Galileo Rules!

Ian Goddard (
Wed, 17 Feb 1999 23:18:40 -0500

Pan Am 103 lost its forward section (like FL800) and immediately curved downward (unlike CIA video) with all its initial horizontal velocity of 434 kn. The official investigation gives us these numbers:

Initial velocity: 434 knots  (at 31,000 feet)
Nose hits ground: 120 knots  -314 kn (slower)
Engines hit at:   260 knots  -174 kn (slower)
Wing hits at:     440 knots    +6 kn (faster)

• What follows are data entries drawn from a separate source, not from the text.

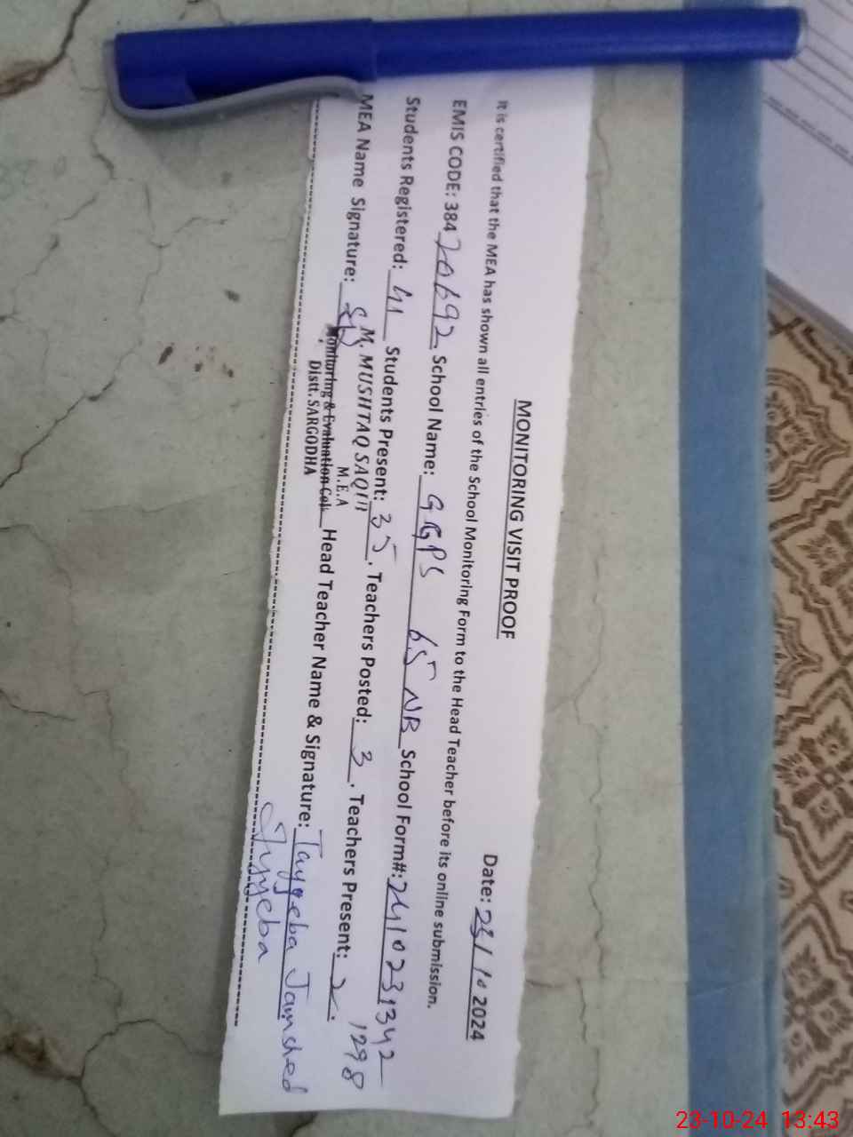 | Attendance Register | Head Teacher | MEA with School | Visit Proof |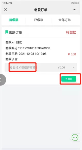 3.登录到缴款界面后,核对好项目和金额,点击去缴款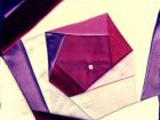 4. Возьмите следующий лоскут прямоугольной формы, положите его лицевой стороной вниз, совмещая край с другой гранью пятиугольника и накрыв предыдущий лоскут. Двигайтесь по часовой стрелке, если вы правша. Для левшей удобнее, наверно, против часовой стрелки.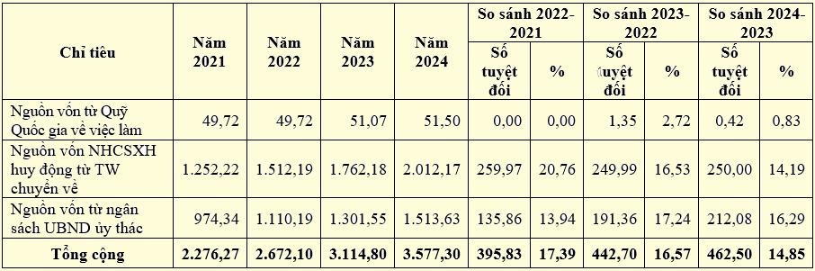 - Về nguồn vốn cho vay, tổng nguồn vốn tăng mạnh từ 2.276 tỷ đồng năm 2021 lên 3.577 tỷ đồng năm 2024, tốc độ tăng trưởng bình quân đạt trên 16%/năm. Dù tốc độ tăng hàng năm có xu hướng giảm nhẹ, nhưng vẫn cho thấy nỗ lực lớn trong việc mở rộng quy mô tiếp cận vốn.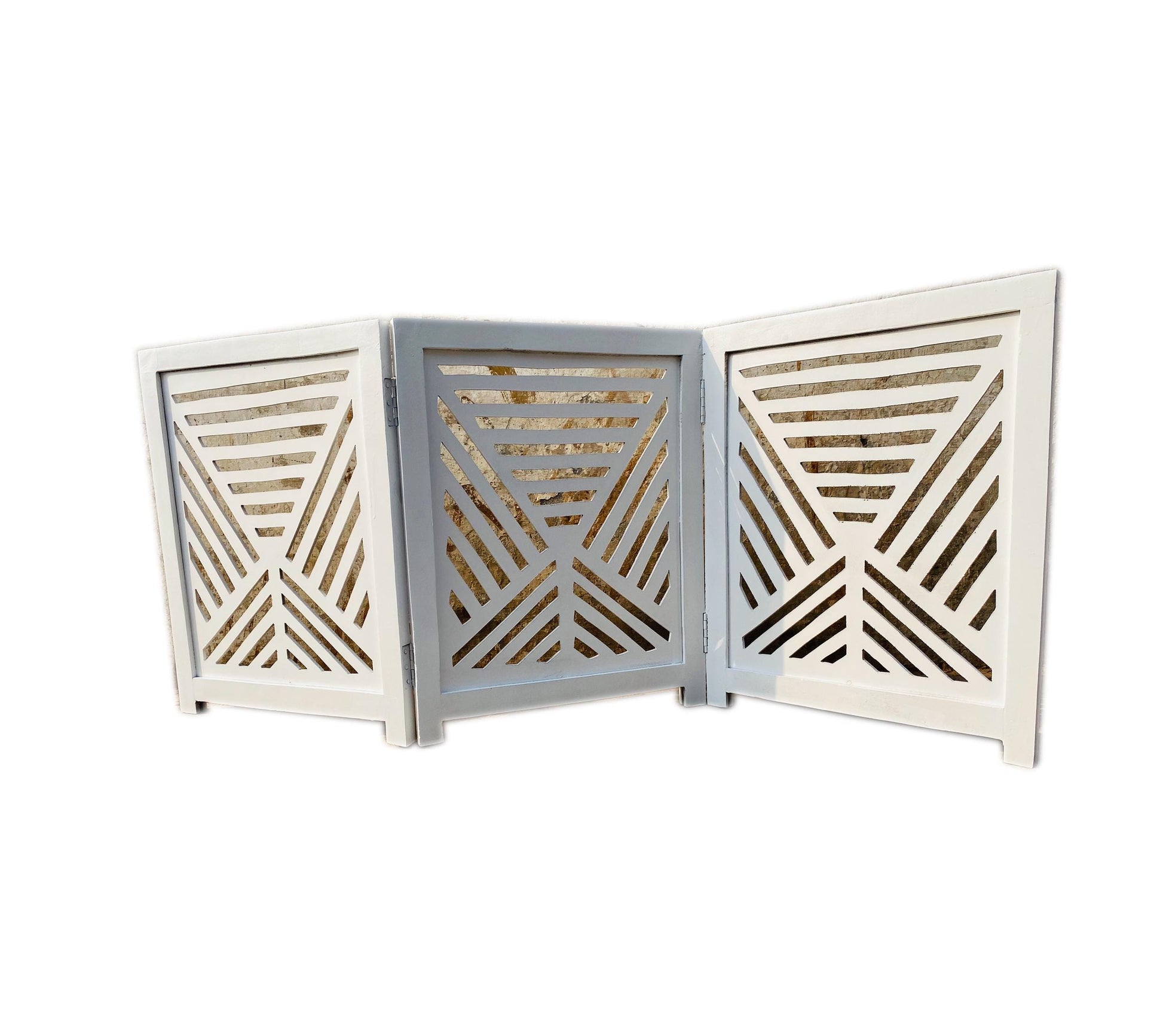 Mid-Century White Wood Folding Divider: Handmade Pet/Baby Partition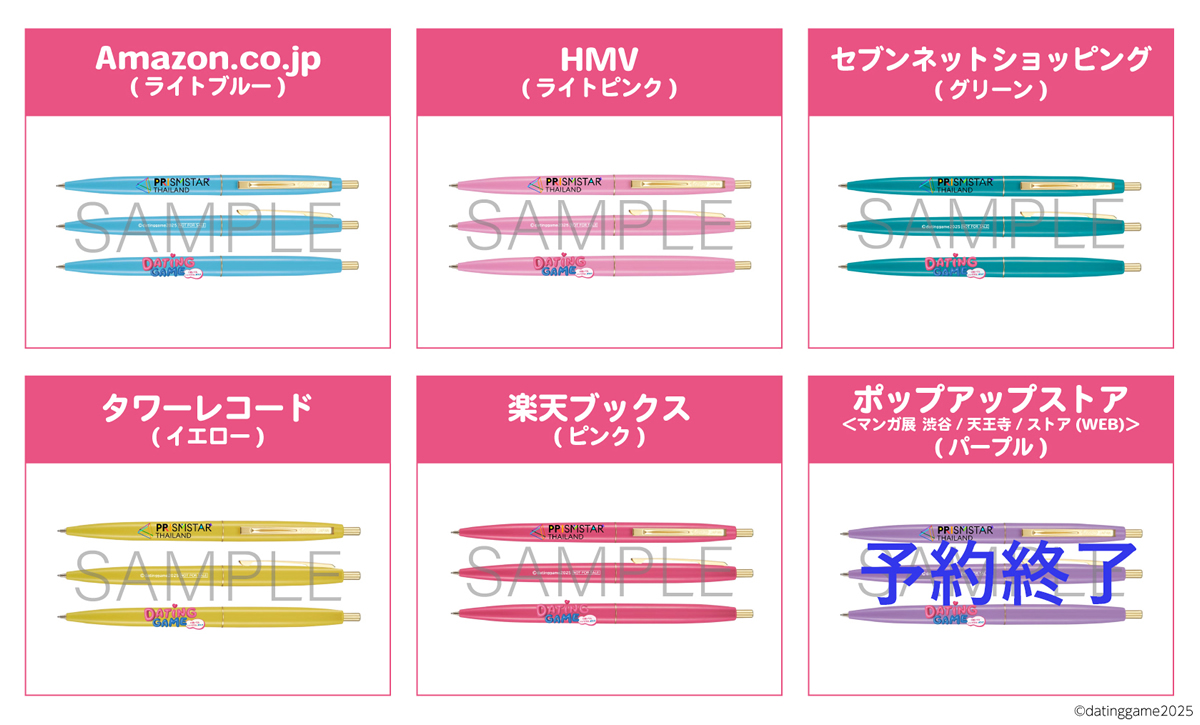 Amazon.co.jp(ライトブルー)/HMV(ライトピンク)/セブンネットショッピング(グリーン)/タワーレコード(イエロー)/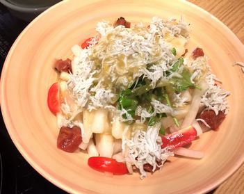 大根とクレソンの和歌山しらすたっぷりサラダ。だし巻き玉子。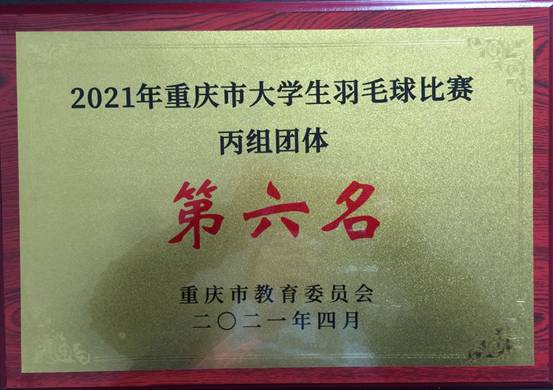 经过四天激烈的角逐,校羽毛球队突破历史,创造佳绩。荣获甲组团体第五、丙组团体第六名的好成绩;甲组比赛中队员王思璇获女子单打第三,朱哲熙获男子单打第六,陈羽茜、朱哲熙获混合双打第四,王思璇、陈羽茜获女子双打第五名;丙组比赛中敬高丽、刘小芳获女双第五,瞿远喻、高菁毓混双第七,王浩、瞿远喻男双第八名。
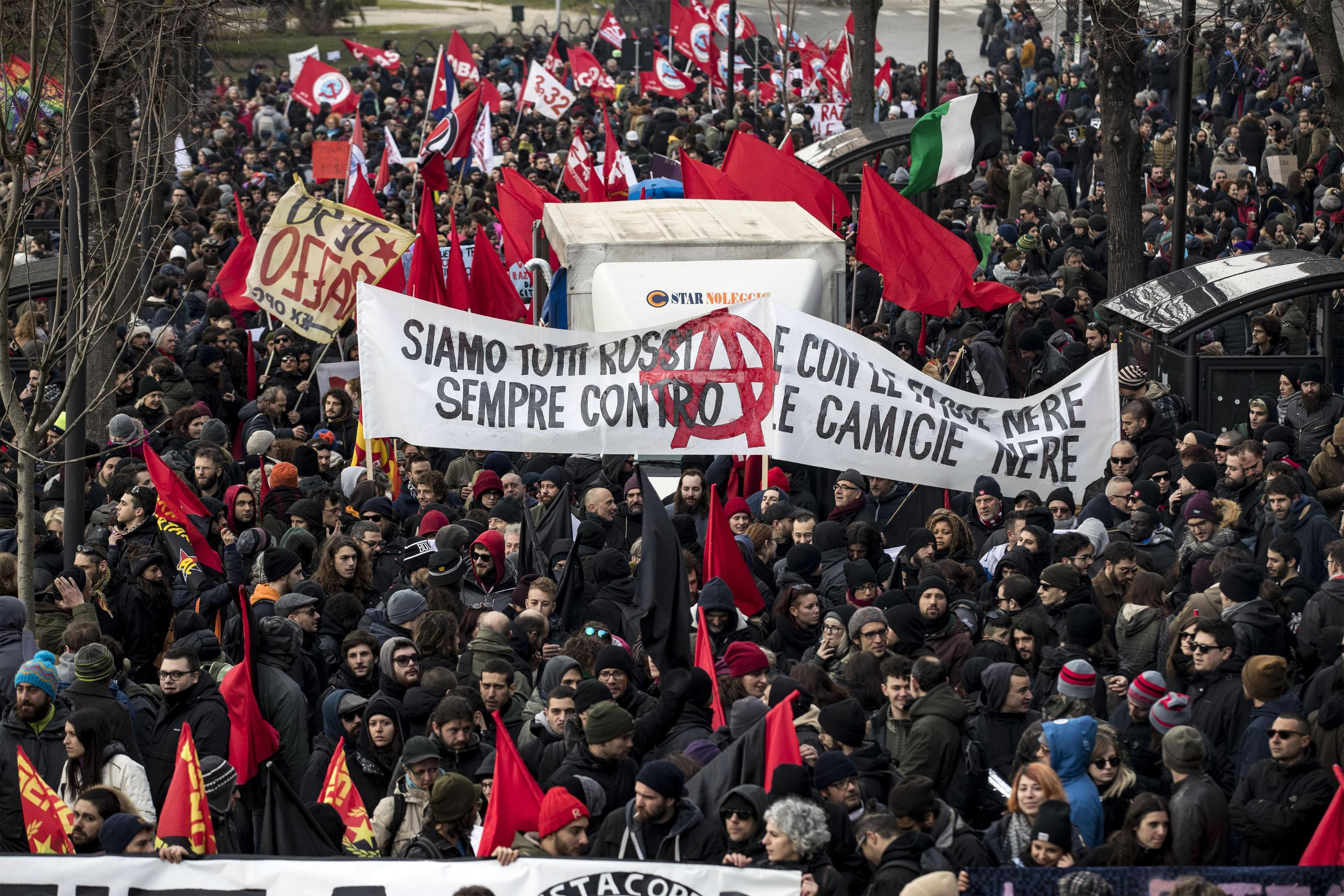 Busslaster med demonstranter från hela landet tog sig i helgen till den antifascistiska demonstrationen Macerata i centrala Italien. Marschen hölls i protest mot förra helgens rasistiska terrordåd i staden och de tilltagande högerextrema strömningarna i landet.

Most of the jet slowed down during the fall. The most aerodynamic debris fell fastest, with the wing actually falling faster upon impact. NO part fell faster than an object dropped from total rest. The fastest falling part, the wing, fell 3,750 feet shorter and 443 knots slower than an object dropped from complete rest in a vacuum!

Conclusion: an initial horizontal-cruising velocity of 434 knots failed to cause any part of a falling 747 to fall faster than an object dropped from rest. Physical reality thus refutes counter-argumentation against my initial post on this topic and indicates ( that the CIA scenario contradicts physical law by an even wider margin that initially calculated, since we can see the profound effect of drag.

Also note that since lower air density reduces drag, the high altitude (31,000, 17,000 higher than FL800) and cold winter weather around Pan Am 103 maximized aerodynamic efficiency ensuring the fastest fall.